Plausibility, Predictability, and Precision: Proposal to Modernize Substantive Analytical Procedures
Remarks as prepared for delivery
Good afternoon. Today, the staff is recommending that the Board issue a proposal to modernize a standard written nearly 40 years ago.
The Board incorporated this decades-old standard into its audit standards in 2003. In particular, the proposed standard focuses on the auditor’s responsibilities when designing and performing what are typically known as “Substantive Analytical Procedures.”
The staff have concluded that it is necessary to replace the decades-old interim standard in its entirety to update, clarify, and strengthen the auditor’s responsibility when designing and performing audit procedures that involve an auditor’s use of relationships to develop a prediction of amounts or balances recorded in a company’s books and records.
For example, under the proposal, the auditor must answer the following questions:
- Do I have a sufficient basis to determine a plausible and predictable relationship?
- Can I develop a sufficiently precise expectation of amounts or balances that should have been recorded in the company’s books and records?
- Am I able to determine an appropriate threshold for investigating deviations for that expectation?
If the auditor can sufficiently satisfy all those questions, the auditor must then perform additional procedures to evaluate those deviations.
The proposed standard underscores and reinforces the importance of auditor judgement and professional skepticism. For example, auditors may not cherry-pick information and must incorporate all relevant information when developing their best estimate expectation.
This requires the auditor to understand the company, its legal and economic environment, and events or activities that may affect the auditor’s ability to determine whether a logical relationship is both plausible and forms a basis for the prediction.

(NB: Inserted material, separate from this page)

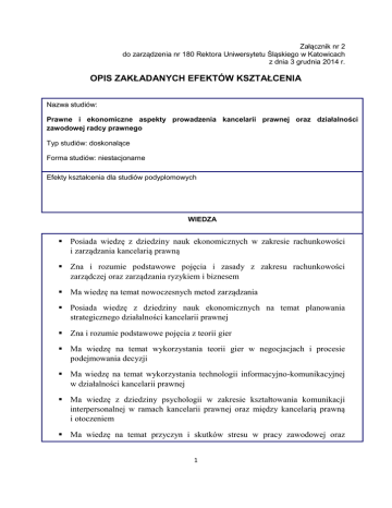 Załącznik nr 2 do zarządzenia nr 180 Rektora Uniwersytetu Śląskiego w Katowicach z dnia 3 grudnia 2014 r. OPIS ZAKŁADANYCH EFEKTÓW KSZTAŁCENIA Nazwa studiów: Prawne i ekonomiczne aspekty prowadzenia kancelarii prawnej oraz działalności zawodowej radcy prawnego Typ studiów: doskonalące Forma studiów: niestacjonarne Efekty kształcenia dla studiów podyplomowych WIEDZA Posiada wiedzę z dziedziny nauk ekonomicznych w zakresie rachunkowości i zarządzania kancelarią prawną Zna i rozumie podstawowe pojęcia i zasady z zakresu rachunkowości zarządczej oraz zarządzania ryzykiem i biznesem Ma wiedzę na temat nowoczesnych metod zarządzania Posiada wiedzę z dziedziny nauk ekonomicznych na temat planowania strategicznego działalności kancelarii prawnej Zna i rozumie podstawowe pojęcia z teorii gier Ma wiedzę na temat wykorzystania teorii gier w negocjacjach i procesie podejmowania decyzji Ma wiedzę na temat wykorzystania technologii informacyjno-komunikacyjnej w działalności kancelarii prawnej Ma wiedzę z dziedziny psychologii w zakresie kształtowania komunikacji interpersonalnej w ramach kancelarii prawnej oraz między kancelarią prawną i otoczeniem Ma wiedzę na temat przyczyn i skutków stresu w pracy zawodowej oraz 1 podstawowych metod zapobiegania stresowi Posiada wiedzę z dziedziny socjologii w zakresie dotyczącym społecznych uwarunkowań procesu podejmowania decyzji w działalności kancelarii prawnej Posiada wiedzę z dziedziny psychologii na temat psychologicznych aspektów podejmowania decyzji Ma wiedzę na temat praktycznego wykorzystania źródeł i środków dowodowych oraz zasad postępowania dowodowego w ramach udziału radcy prawnego w postępowaniu cywilnym, postępowaniu karnym, postępowaniu administracyjnym i sądowo-administracyjnym Zna możliwości wykorzystania dowodów w postępowaniu cywilnym i administracyjnym kryminalistycznych Posiada wiedzę na temat opracowania strategii i taktyki udziału radcy prawnego w postępowaniu cywilnym, postępowaniu karnym, postępowaniu administracyjnym i sądowo-administracyjnym Zna regulacje prawne ustawy z dnia 27 września 2013 r. o zmianie ustawy – Kodeks postępowania karnego oraz niektórych innych ustaw w zakresie przewidującym przemodelowanie postępowania sądowego oraz udziału w nim stron i ich przedstawicieli Zna konsekwencje zmiany Kodeksu postępowania karnego w drodze ustawy z dnia 27 września 2013 r. o zmianie ustawy – Kodeks postępowania karnego oraz niektórych innych ustaw w zakresie dotyczącym udziału radcy prawnego w procesie karnym i procesie karnym skarbowym Zna zasady pracy kancelaryjnej związanej z udzielaniem pomocy prawnej w sprawach cywilnych i w sprawach administracyjnych Posiada wiedzę na temat regulacji dotyczących obowiązku zachowania tajemnicy zawodowej oraz konsekwencji naruszenia tej tajemnicy Posiada wiedzę na temat środków przymusu, które mogą znaleźć zastosowanie w stosunku do radcy prawnego i możliwości reagowania na ich stosowanie przez organy państwa II. UMIEJĘTNOŚCI Posiada umiejętność wykorzystania wiedzy z dziedziny nauk ekonomicznych do opisu i wyjaśnienia optymalnego procesu zarządzania kancelarią prawną 2 i podejmowania decyzji w ramach jej działalności Potrafi dokonać wyboru najkorzystniejszego wariantu zarządzania kancelarią prawną Potrafi wykorzystać zasady teorii gier w zakresie podjęcia decyzji i w negocjacjach Potrafi rozpoznać i właściwie analizować procesy społeczne mające wpływ na podejmowanie decyzji w zakresie zarządzania kancelarią prawną Potrafi określić psychologiczne czynniki wpływające na proces decyzyjny w ramach działalności kancelarii prawnej Potrafi modelować komunikację interpersonalną w ramach kancelarii oraz pomiędzy radcą prawnym i klientem Potrafi zidentyfikować źródła i środki dowodowe oraz zasady postępowania dowodowego pozwalające na osiągnięciu celów procesowych towarzyszących udziałowi radcy prawnego w postępowaniu cywilnym, postępowaniu karnym, postępowaniu administracyjnym i sądowo-administracyjnym Posiada umiejętność wykorzystania najnowszych mechanizmów rozwiązywania sporów prawnych dla osiągnięcia celów procesowych w postępowaniu cywilnym, postępowaniu karnym, postępowaniu administracyjnym i sądowo-administracyjnym Posiada umiejętność określenia i wyboru optymalnej strategii i taktyki udziału w postępowaniu cywilnym, postępowaniu karnym, postępowaniu administracyjnym i sądowo-administracyjny Potrafi zidentyfikować zakres ochrony tajemnicy zawodowej radcy prawnego oraz jej procesowe aspekty na gruncie poszczególnych postępowań (cywilnego, karnego, administracyjnego) Potrafi zidentyfikować narzędzia kontroli środków przymusu znajdujących zastosowanie wobec radcy prawnego III. KOMPETENCJE SPOŁECZNE Ma świadomość celów i korzyści płynących z wykorzystania dorobku nauk ekonomicznych, socjologii i psychologii w zakresie zarządzania kancelarią prawną Potrafi współdziałać w zespole tworzącym skład personalny kancelarii 3 prawnej i kształtować warunki tego współdziałania w sposób zapewniający wykorzystanie potencjału intelektualnego kancelarii Potrafi kształtować współpracę w kancelarii w sposób minimalizujący działanie zjawiska stresu Wykazuje się myśleniem otwartym na nowe kierunki i metody działania i współpracy oraz zdolnością radzenia sobie z nowymi zadaniami Potrafi rozwiązywać trudne sytuacje w zakresie zarządzania kancelarią prawną i organizowania współpracy w ramach jej działalności Potrafi określić priorytety służące realizacji stojących przed nim zadań Potrafi samodzielnie i krytycznie ocenić prawidłowość działania organów państwa oraz przedsiębrać środki ochrony adekwatne do ochrony praw i interesów związanych z zawodem radcy prawnego lub praw i interesów osób, korzystających z pomocy prawnej radcy prawnego 4

Moreover, the auditor may not short-cut the procedures, because the proposed standard would require auditors to incorporate a feedback loop to update this understanding and to critically evaluate any company amounts that differ from their expectations. For example, auditors would not be able to sustain a logical relationship predicated on sales trends occurring prior to the impact of a global pandemic.
Additionally, the proposed standard specifies that the auditor may not use the company’s amounts or information based on the company’s amounts to develop their expectation.

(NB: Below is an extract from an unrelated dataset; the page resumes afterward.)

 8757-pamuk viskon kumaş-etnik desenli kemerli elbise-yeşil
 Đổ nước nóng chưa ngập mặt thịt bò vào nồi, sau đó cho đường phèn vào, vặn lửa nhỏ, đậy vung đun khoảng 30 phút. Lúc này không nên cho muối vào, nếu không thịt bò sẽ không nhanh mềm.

Importantly, the staff is also proposing an amendment to AS 2301 Response to Risk of Material Misstatement. The proposed amendment would require an auditor to examine relevant information that the company received from an external source, when relying on that externally sourced information for their procedures.
In conclusion, the proposed standard equips the auditor with a principles-based framework for developing a prediction for an amount or balance that they expect to see in the company books and records. If a prediction can be developed, the auditor must then compare and evaluate the auditor’s expectation against the company’s actual numbers.

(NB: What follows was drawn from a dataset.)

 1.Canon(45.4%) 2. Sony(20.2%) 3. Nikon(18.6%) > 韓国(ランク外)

These changes should provide opportunities for efficiency, in addition to increased precision, and I look forward to receiving public comment on the proposal.
I would like to end by acknowledging the efforts and dedication of our staff: from the Office of the Chief Auditor: Dima Andriyenko, Dominika Taraszkiewicz, Donna Silknitter, Karen Wiedemann, and Sarah Madris; from the Office of Economic and Research Analysis: Erik Durbin, John Cook, Carrie von Bose, and Dylan Rassier; from the Office of the General Counsel: Connor Raso, Katherine Kelly, Jennifer Williams, and Katie Reilly.